INSIGHT
A rare constant in volatile times
Fixed-income markets have seen unprecedented volatility throughout the COVID-19 pandemic. Many companies in the space have struggled with the resulting uncertainty as they navigate the already complex sector in this difficult time.
The Asia-Pacific region saw its share of sharp volatility, particularly in currency markets. The Indonesian rupiah saw a 20 per cent fall followed by a 15 per cent rally. In India, the Sensex stock market saw a 40 decline before returning with a 40 per cent rally.
Rating agency outlook revisions also shook markets, with downgrades seen across Malaysia, India, Maldives, Sri Lanka, Pakistan, Mongolia, Philippines, Thailand, Hong Kong, Indonesia and Vietnam.
The unprecedented output loss brought about by the pandemic and the ensuing policy response is likely to impact market dynamics for some time. In some cases, like in Indonesia, the recently expanded debt monetisation program has the potential to tilt local dynamics towards greater onshore participation as foreign activity falls.

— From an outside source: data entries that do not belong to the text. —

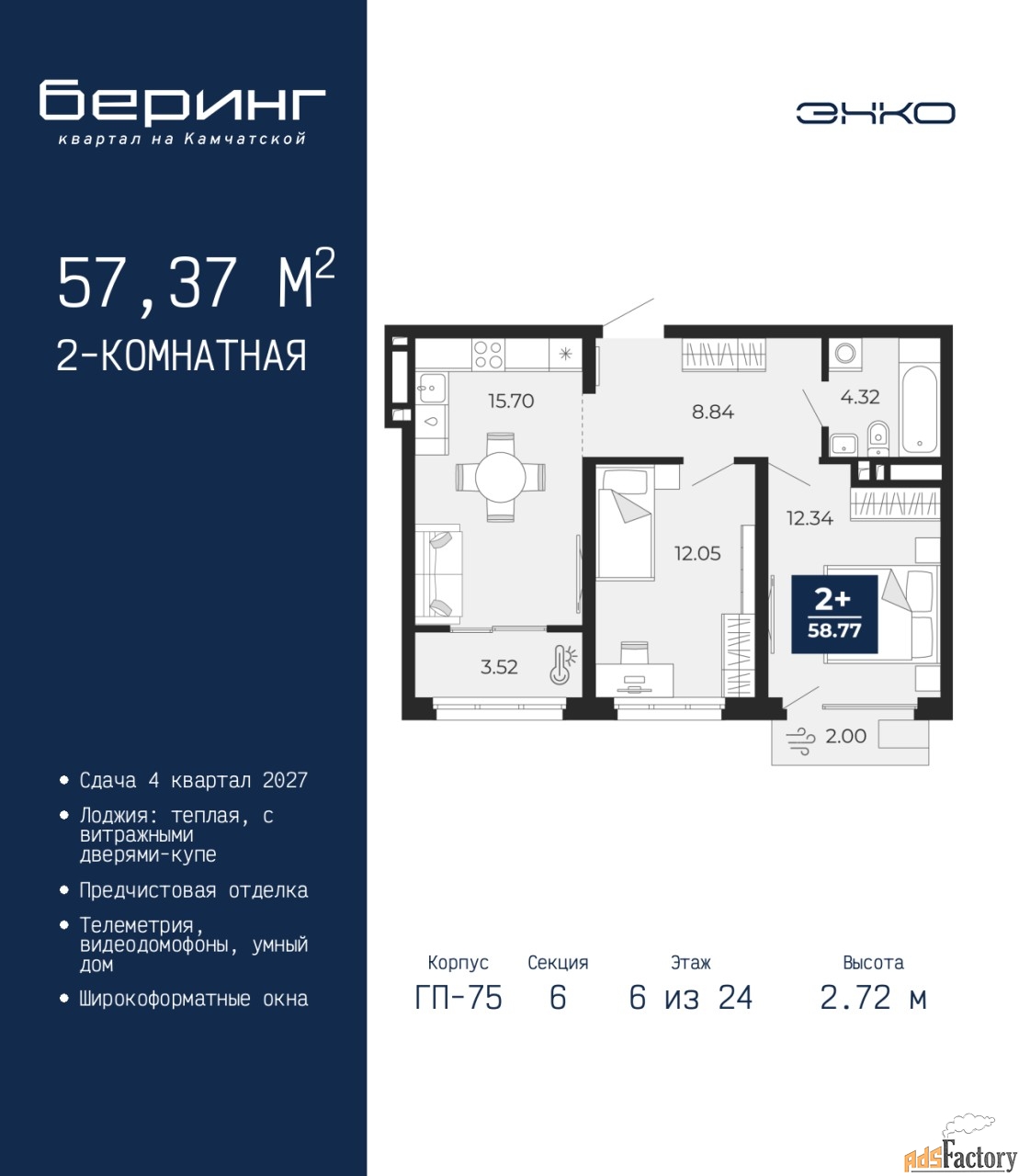 | Общая площадь (кв.м) | 57.37 |
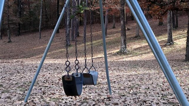 The swings on an empty playground sway in the breeze on an autumn afternoon
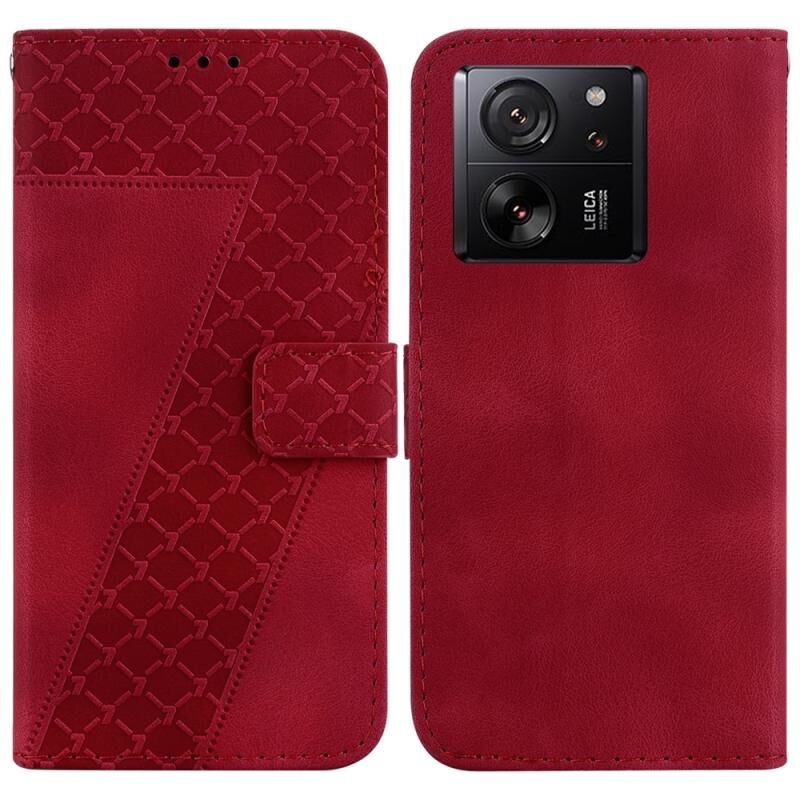 Για Xiaomi 13T / 13T Pro / Redmi K60 Ultra 7-shaped ανάγλυφη δερμάτινη θήκη τηλεφώνου (κόκκινο)

In the near term, ANZ Research says it expects a consolidation in local rates and FX markets, mainly facilitated by global central bank liquidity injections and Asian central bank asset-purchase programs.
Many of the large-scale fiscal stimulus and unconventional monetary measures announced this year, however, are expected to impact the medium to long-term fiscal and external debt metrics.
In the longer-term, local markets outlook will be ever more dependent on the ability to of economies to recover strongly and sustainably – and in that process, escape the debt trap.
Constant
For business in the region, these are times of unprecedented uncertainty.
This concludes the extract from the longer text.